Отчиму было за сорок и узнать, кто наследует их, победителей, ему очень хотелось. И примерно он уже догадался, кто их наследует. Но пока мать не предложила ему заняться мной вплотную, он не признавался себе, что он обо мне думает. А когда она попросила заняться, то он с удовольствием ей всё и озвучил:
- Ребенок твой - маменькин сынок, сластёна, лентяй и пустой человек, не приспособленный ни к чему серьезному. Ни кур пасти не может, ни за поросенком убрать. Все ему пахнет, все ему не так. А на хрущевскую выставку приехали – пять раз горячие сосиски просил и все слопал. Пять раз по две сосиски! Это ж какие деньги надо иметь и какие нервы с таким капризным? Упросил мать! Едешь отдохнуть, а он пристает с глупостями. А ты вот кусочек колбаски возьми – и на весь день. Не хочешь? Нет, он жирное не будет, ему докторскую подавай! Надоел! Больше не поеду с ним! Дома ему написал перечень дел – только из-под палки! Без угроз ничего не делает!

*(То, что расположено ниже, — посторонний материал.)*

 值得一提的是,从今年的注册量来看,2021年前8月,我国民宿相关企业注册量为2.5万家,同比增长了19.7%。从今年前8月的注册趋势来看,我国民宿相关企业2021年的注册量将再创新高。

И новых событий не было месяцев пять.
Предъявляет мне отчим список, говорит: «Сделано? – Нет. - Снимай штаны, будет лупка».А лупка такая: не милицейским широким ремнем, тот не бьет, а гладит, потому что широкий, а магазинным, узким, чтоб до красных волдырей.
- Если не сделаешь – вот этим ремнем буду тебя бить. А если и это не поможет – тогда уж я беру плетку. А плетку я делаю сам: нарезаю из кожи узкие ремни и сплетаю. Но лучше до этого не доводить.

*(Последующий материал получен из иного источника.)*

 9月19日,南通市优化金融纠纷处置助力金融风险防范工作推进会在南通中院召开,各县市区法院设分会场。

За пять месяцев моё противостояние с отчимом дошло до своего апогея. Угрозы чужого человека меня не удивляли. Меня удивляло, что родной человек – мать - исчезла и не защищает меня от чужого человека. Я не хочу, чтоб у меня весь день играли на нервах, требовали подчинения, требовали согласия с девизом: «Я работаю на государство, а ты работаешь на семью».
Может, не надо 24 часа работать на государство? Ни одной общей идеи, привлекательной для меня он не предложил.
Никогда не сказал – «Да, хорошо ты выпиливаешь, вот эту полочку хорошо сделал». Терпеть не мог, когда они с матерью шли в театр, и она в театральном буфете брала коробку конфет для меня. В продаже конфет не было, а в театре буфетчицы делали на них план. Все сидели, слушали оперу, а мать плакала, потому что он бубнил: «Вот! Все оперу слушают, а она в очереди за конфетами своему сыночку стоит».
Словом, в семье он выучился быть надсмотрщиком. И это его авантюрно устраивало. Но когда он применил плетку и я взлетел до потолка, то мать выскочила из-за двери, где она весь вечер сидела, изучая, куда ведет его самостийная педагогика, выдернула плетку, сломала ее, выбросила в окно и крикнула ему в сердцах: «Больше этого не будет!»
А я тоже, раз мать защищает меня, отомстил ему по-своему за все унижения: сев обедать, стал громко, на всю комнату, чавкать.
Когда я вышел на улицу после обеда, мне стало стыдно. Но я не знал, что делать, как выйти из такого положения? А тут вот и набежала моя соседка Таня со своими идеями. Она рассказала в первый день о первой идее, через год о второй, а через четыре года - о третьей.
Первая идея была – идти к ним в сарай читать книжку всей компанией. Вторая - идти к ним на маленькую терраску, выстроенную её отцом для настольных игр. А третья: когда мы пошли к Василию Блаженному, стребовала, чтобы мы зашли к ней в Москве и она покормит нас супом, а то мы не дойдем, так это далеко от Белорусской.
Если бы у отчима не было помощника в деле принуждения меня, может быть, мы бы и ужились, невзирая на битье в первый год. Победило женское, победило материнское – мать ему запретила меня бить.
Но помощник, которому я тоже не нравился, вернул его к мужскому. Я удивлялся: не нравлюсь – не дружи со мной. А кто же был этот помощник? Мой одноклассник Юра Карман.